Strange; The Things We Remember

The sorting of files, examination of photos, documents, and stories continues.

I have come across a few interesting and confusing details that have captured my attention and curiosity. I noticed that my aunt's Ahnenpaβ  had  two entries of the same couple 6 generations removed from me. My initial reaction was that my aunt had made a mistake. Then I checked the family tree documents that my father's cousin, Willi Janβen, had put together. Willi had collected more details than my aunt but his records showed the same information as my aunt's. I decided to go with the assumption that this information was correct.

After a rather cursory review, I thought this couple (Nikolaus Janzen and ? Schmidt) showed up in both of my paternal grandparents' ancestral lines. I was wrong. Upon closer examination I realized that this couple showed up twice in my paternal grandmother's ancestors. Furthermore, this couple's son, Johann Janzen and his wife Catharina (nee Lammert) also showed up twice (5 generations removed from me). Two of Johann and Catharina's grandchildren married and these two were my paternal grandmother's parents. I'm a little surprised that the marriage of first cousins was condoned in what I had always assumed was a religiously strict Mennonite community.

Confused? So am I. I'm still wondering if I've got this correctly sorted.

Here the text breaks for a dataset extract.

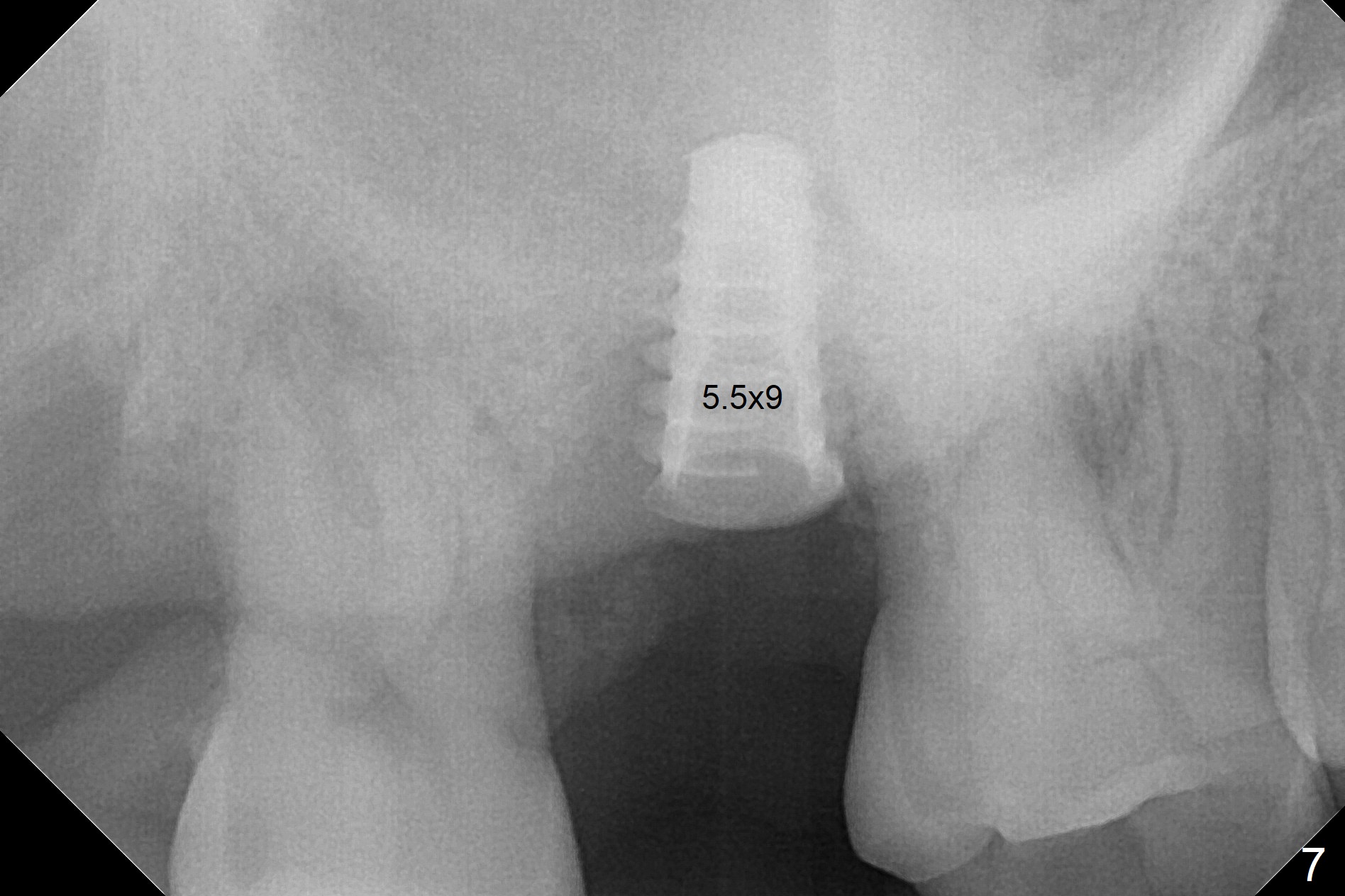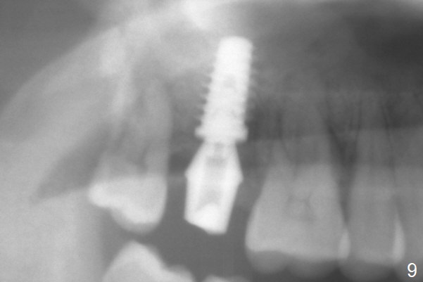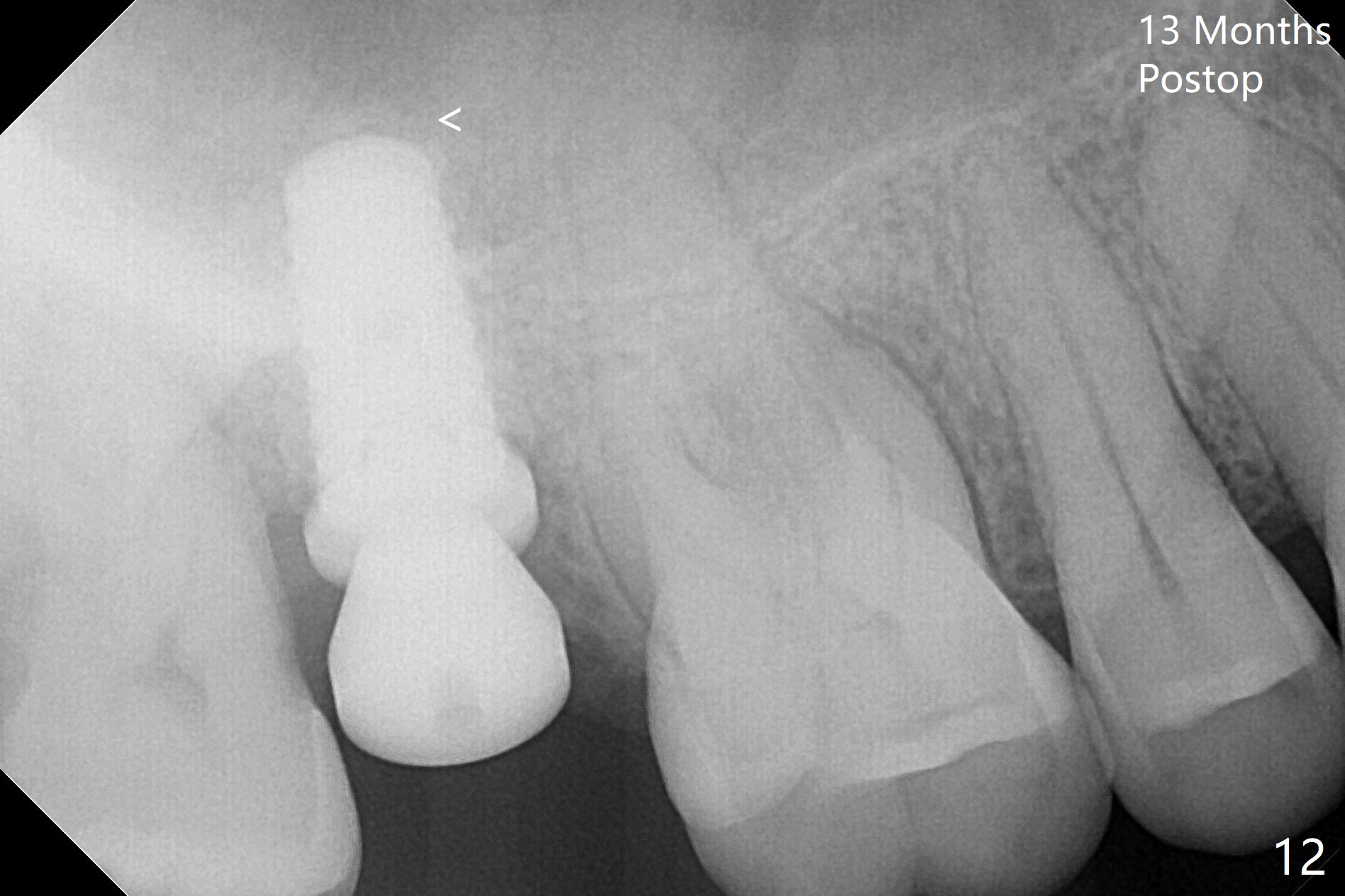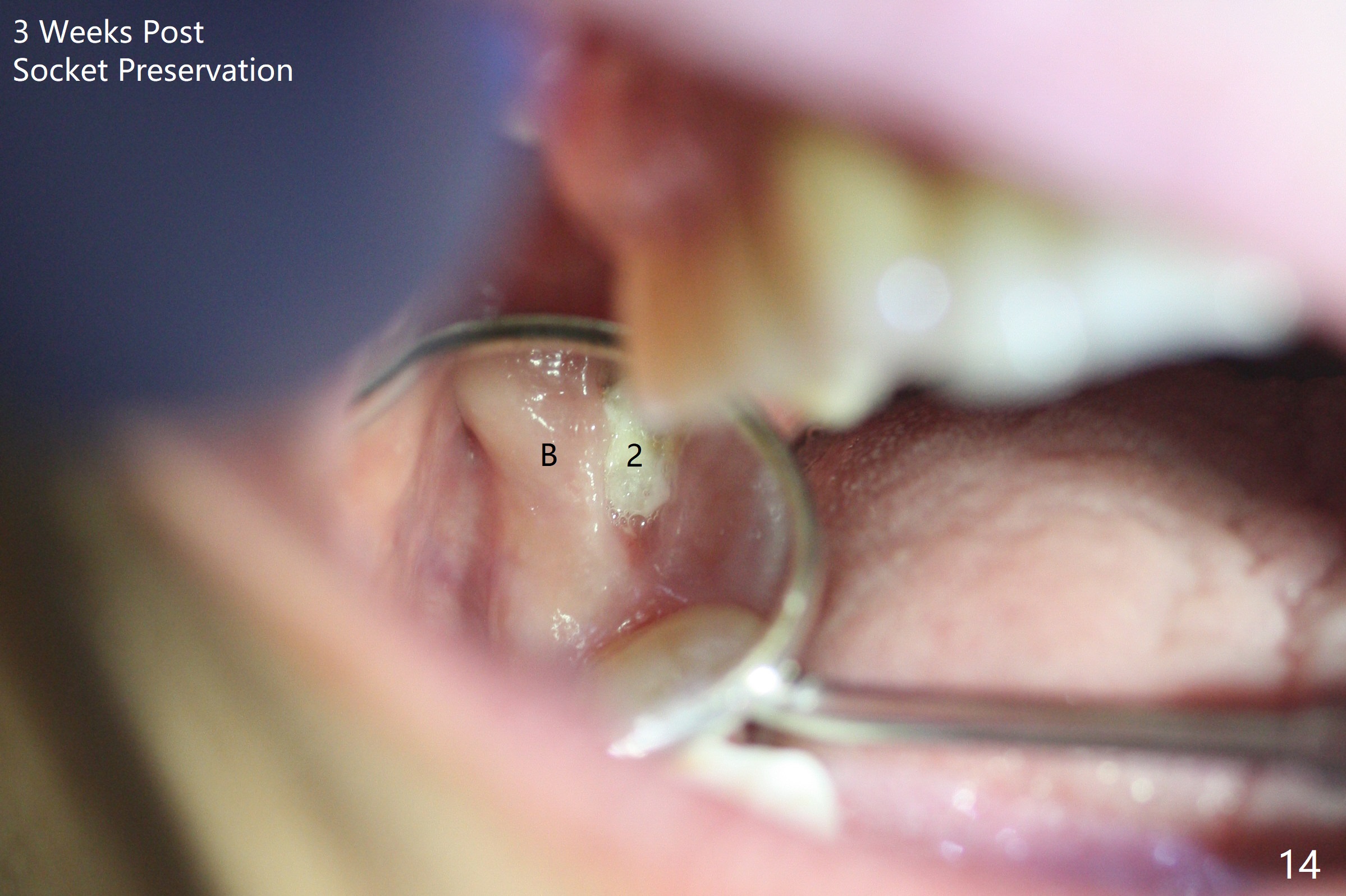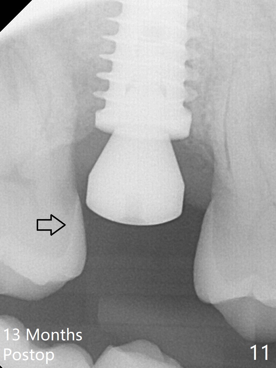 When the 59-year-old man returns for #24 implant placement, the tooth #2 is found to have crack (Fig.1,2 arrowheads), associated with buccal and palatal fistulae (*) and loss of amalgam (Fig.4 *). Abundant granulation tissue is attached to the roots of the affected tooth (Fig.3), indicating severe bone loss. There is a plateau associated with the septum and buccal sockets, which is the site of osteotomy. Magic split and 3 and 3.8 mm Magic Expanders are used to initiate osteotomy. After use of 4.3 mm Magic Drill for about 3 mm, Osteogen plug and allograft are used for sinus lift, followed by insertion of a 4.5x11 mm dummy implant (Fig.5). When a 5.5x9 mm dummy implant is placed with stability, it appears to be seated cervical (Fig.6,7). When a 6x9 mm IBS implant (definitive) is placed with a 6.5x5.5(4) mm abutment, they are seated too deep for provisional (Fig.8). The implant/abutment are removed and replaced by a 6.5x11 mm one in a shallower position; after trimming the same abutment as mentioned above (Fig.9), an immediate provisional is fabricated to keep bone graft in place. Fabrication of Tap with soft tissue markers will reduce the chance of miscalculation and waste of implants. The coronal threads of the implant are covered with bone 6 months postop (Fig.10). One month later when a permanent crown tries in, the implant is found to be loose and tender. A healing abutment is placed. Six months later, the patient returns for crown retry-in. The tooth #1 seems to have shifted mesially (Fig.11 arrow). When the abutment is placed, the implant remains tender and loose. After implant removal with a wrench, there is no granulation tissue or bony defect, including the intact sinus floor (Fig.12 <). Since the tooth #1 has deep periodontal pockets and mobility, the tooth is extracted with abundant granulation tissue. After debridement, Osteogen plug is placed in the socket of #1, while Vanilla graft is placed at the site of #2 (Fig.13 *). Three weeks later, the socket of #2 heals with exposure of Osteogen plug (Fig.14 (B: buccal)).

As I organized these details of my father's line in my head and on paper, I remembered a story my mother had told me about some of her mother's family that also involved the marriage of first cousins. It seems my maternal grandmother had an uncle who had married his first cousin. This was a family where there had been a multi-generational history of  inbreeding (an effort to keep the family estate from passing outside the family). One of this uncle's granddaughters named Grete Meemken spent much of her life in a psychiatric institution.

Related to this, I have a vague recollection of a comment my grandfather made when my sister and I were in Germany  in 1969. My grandfather and a great-uncle were touring us around the area my mother's family comes from, stopping in various villages and towns and introducing us to relatives and friends of my grandparents. (It actually felt like we were being displayed to all these people - strangers to my sister and me.) Late in the day, my grandfather pointed to house in a village we were passing through and said something to the effect of, " We have relatives that live in that house but we don't go there. They have a crazy person in their back room." I didn't remember this incident until years later when I personally had to deal with the stigma of having a mental illness.

In the chats I've had with my mother about our family history she's often remarked, "Komisch, was man an sich errinert" (strange; the things one remembers).

I regard memory not as a phenomenon preserving one thing 
and losing another merely by chance, but as a power 
that deliberately places events in order or wisely omits them. 
Everything we forget about our own lives 
was really condemned to oblivion by an inner instinct long ago.